# Mobiles Office und Gaming Notebook bis 1600€



## JoXTheXPo (6. Mai 2016)

*Mobiles Office und Gaming Notebook bis 1600€*

Hallo Community, ich fange im Herbst das Studieren an und werde deswegen auf ein Laptop angewiesen sein.

Natürlich sollte die ein odere andere Stunde fürs zocken drauf gehen dürfen, also sollte der Laptop bei Bedarf Grafikleistung haben.

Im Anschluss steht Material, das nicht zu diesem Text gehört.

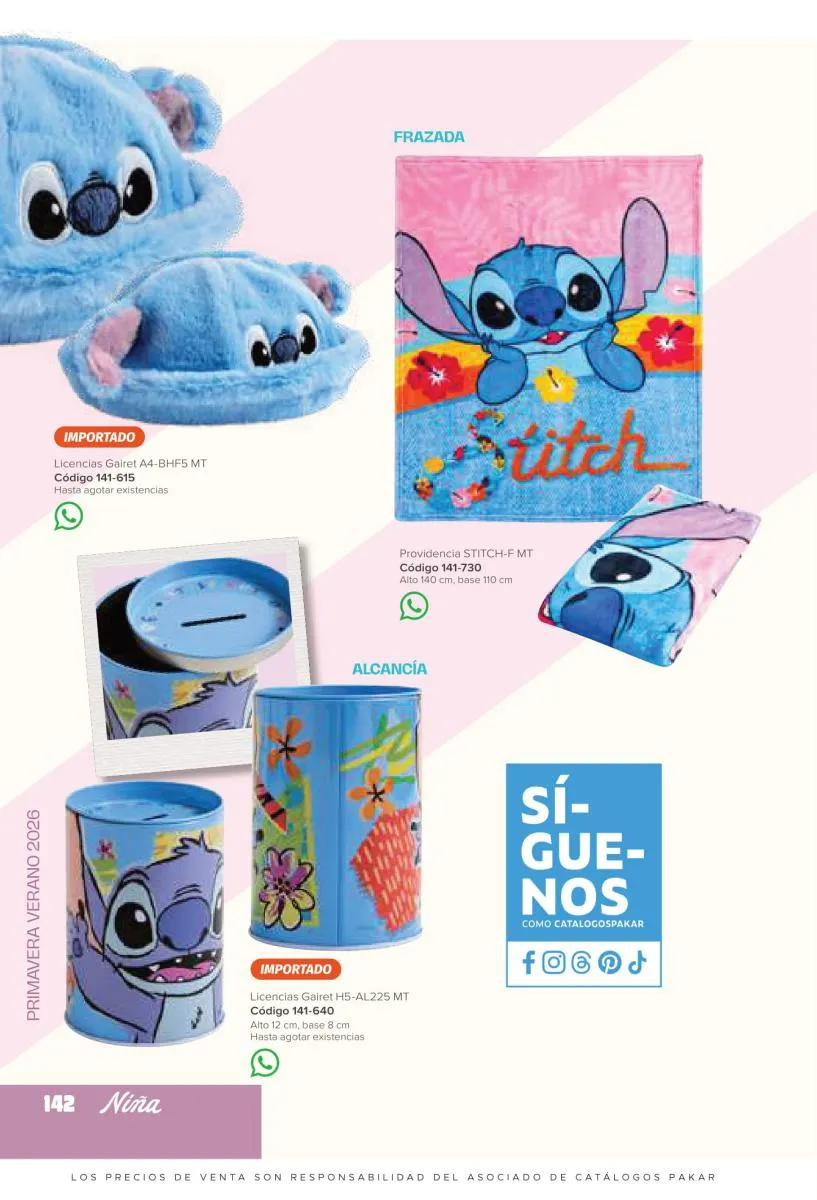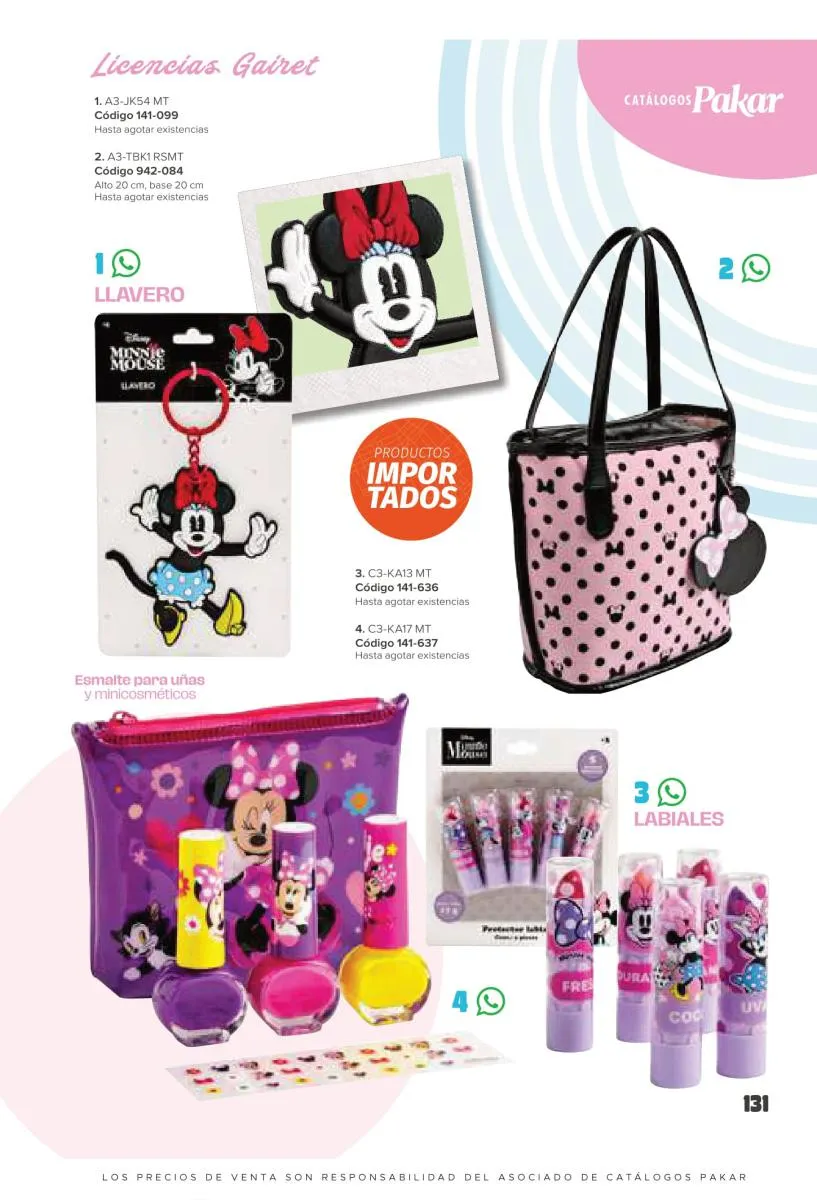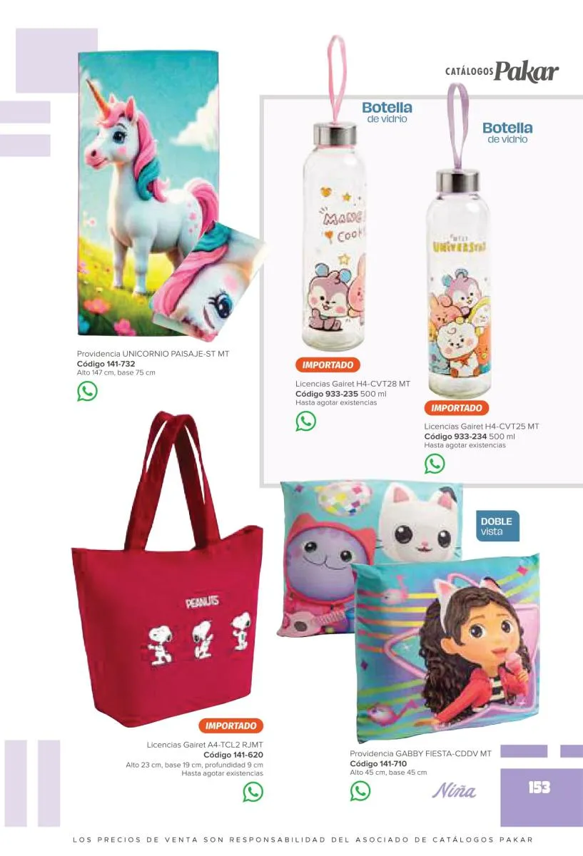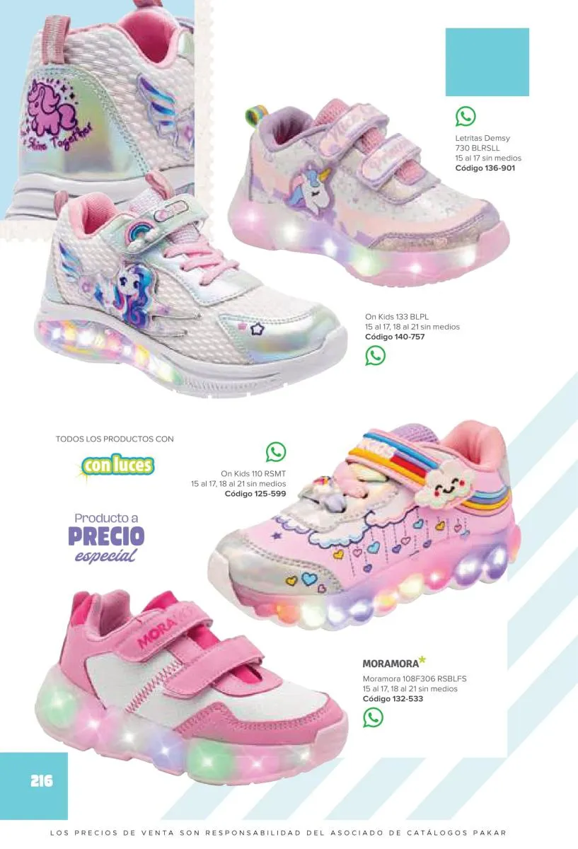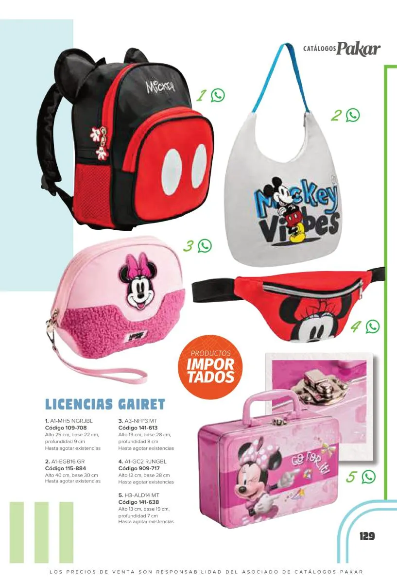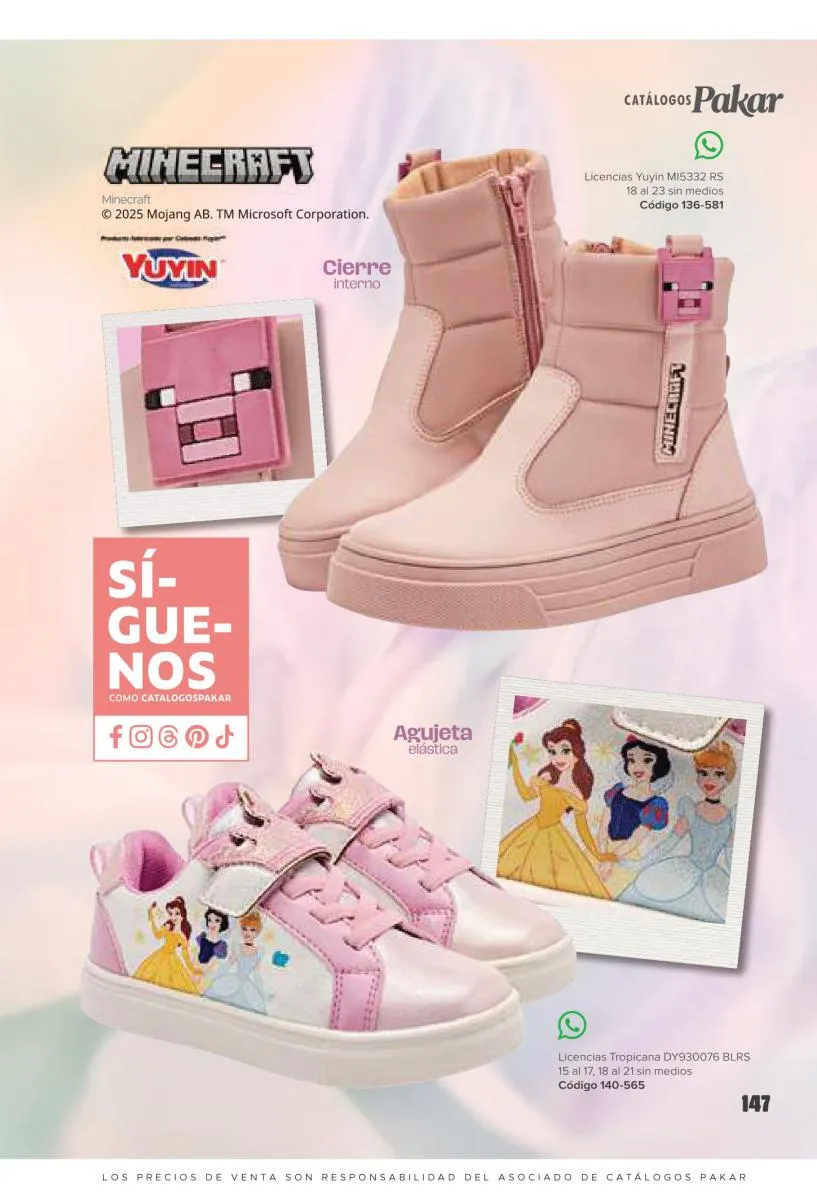 Este catalogo también incluye calzado con los personajes preferidos de las niñas, comenzando con hermosos diseños de Paw Patrol, también en esta colección se encuentran piezas de Frozen, Princesas de Disney, Hello Kitty, Minnie Mouse, Lilo y Stitch, Unicorn, y muchos más. Además de destacar con estos calzados, accesorios infantiles para que tu niña luzca radiante, mochilas, relojes, cojines, lámparas, lapiceras, lentes de sol, impermeables, tapabocas, gorras, entre otros.

Preislich habe ich mich bis 1600€ festgesetzt. 
Haben möchte ich am besten eine kleine SSD fürs BS und ein zwei Spiele und ein Datengrab.
Dann ein nicht glänzendes Display also matt mit FullHD.
Dann evtl. nen i7 um auch Spiele wie GTAV und Battlefield 4 zu befeuern zu können.

Spielen möchte ich auf dem Gerät: Battlefield 3/4/5(?); CS:GO; GTAV; The Crew und son bisschen anderes Gedöns was aber grafiktechnisch nicht so anspruchsvoll ist.
Bei der Bildschirmgröße bin ich ein bisschen am hadern, weil ich einerseits ein ordentliches Bild haben möchte, also beim zocken nicht vor meinen Smartphone sitzen will. Andererseits aber um die Portabilität fürchte.
Somit dachte ich an 15-17 Zoll? Meinungen was besser ist?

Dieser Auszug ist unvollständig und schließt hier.